New Delhi forces have shot dead at least two suspected fighters in Indian-controlled Kashmir in fierce clashes that also killed a young woman.
Munir Ahmed Khan, a police official, said on Tuesday that two suspected militants were killed in a firefight that began Monday evening in the southern district of Shopian. He added that a young woman was killed in crossfire.
"One young woman died in the crossfire when one of the militants came out of a house today (Tuesday) and started firing at the security forces," the official said.
Hundreds of Kashmiri people rushed to the scene, chanting anti-India slogans and hurling stones at the troops in protests that continued raging Tuesday morning.
Police opened fire with pellet guns, hospitalizing a dozen people.
A police officer and a soldier were also injured during the violent clashes.
Some witnesses claimed the woman was killed by police during the demonstrations, not in crossfire.
Tensions were already high in the Muslim-majority region after a taxi driver was gunned down during a military operation Saturday evening.
At least 210 anti-Indian fighters have been killed this year amid a military campaign to rout armed groups resisting Indian rule in the disputed Himalayan region.
According to police officials and watchdogs, nearly 80 security personnel and about 60 civilians have also lost their lives in violence across the violence-hit valley.

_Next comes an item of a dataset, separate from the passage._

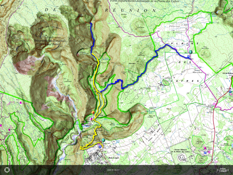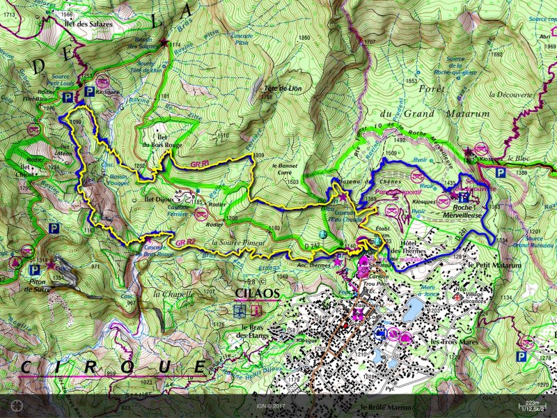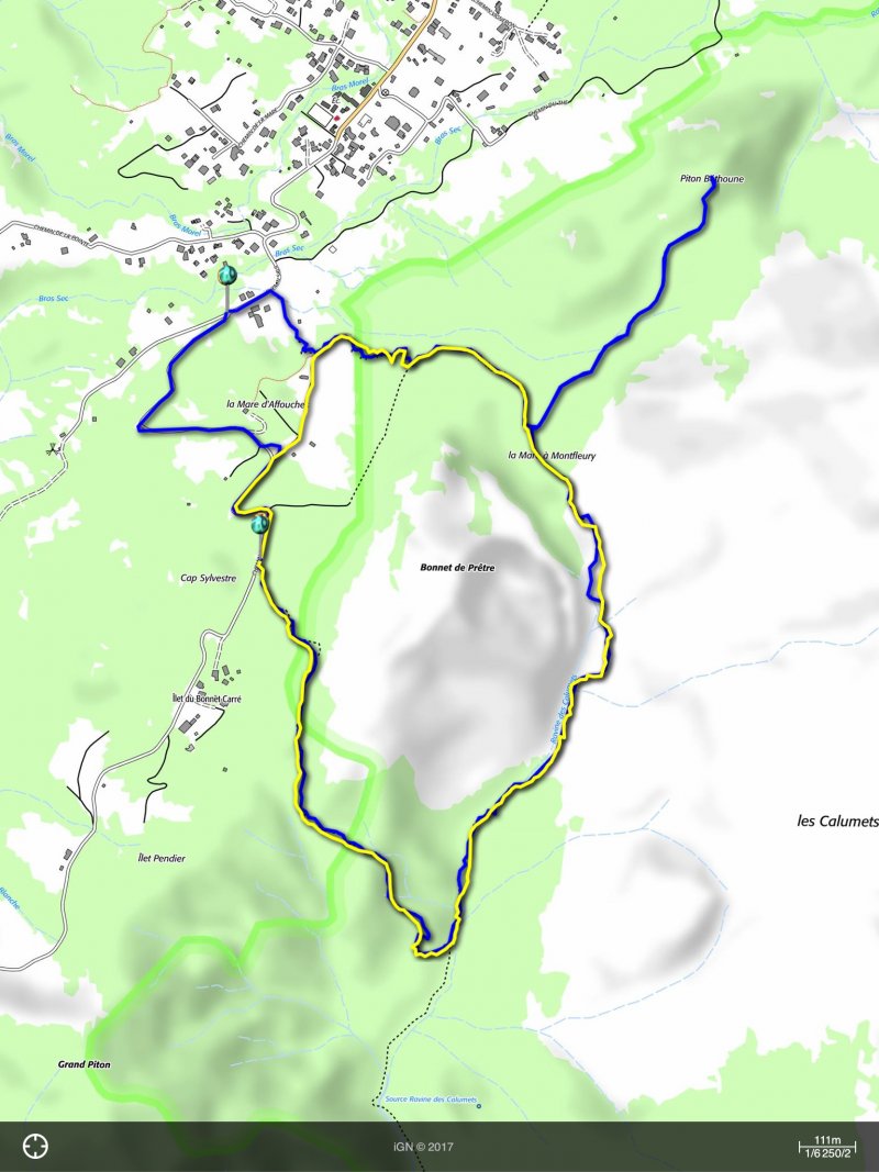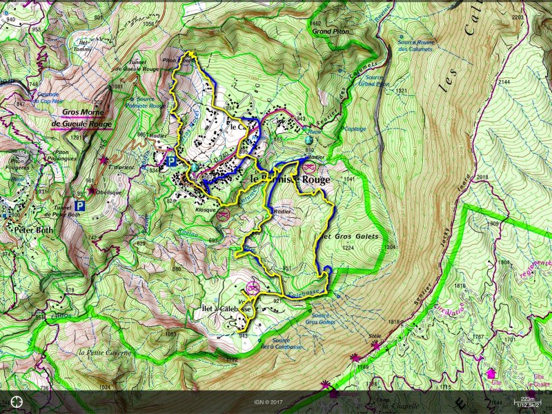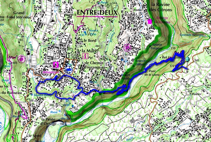 La boucle de la Roche Merveilleuse depuis l'hôtel des Thermes de Cilaos.

More than half a million Indian soldiers are deployed in Kashmir since 1989 when popular calls grew for independence or a merger of the territory with Muslim-majority Pakistan.
A former British colony, Kashmir was divided between India and Pakistan in 1947.
Tens of thousands of people, most of them civilians, have been killed in decades of fighting in Kashmir while the neighbors continue to blame each other for the protracted violence.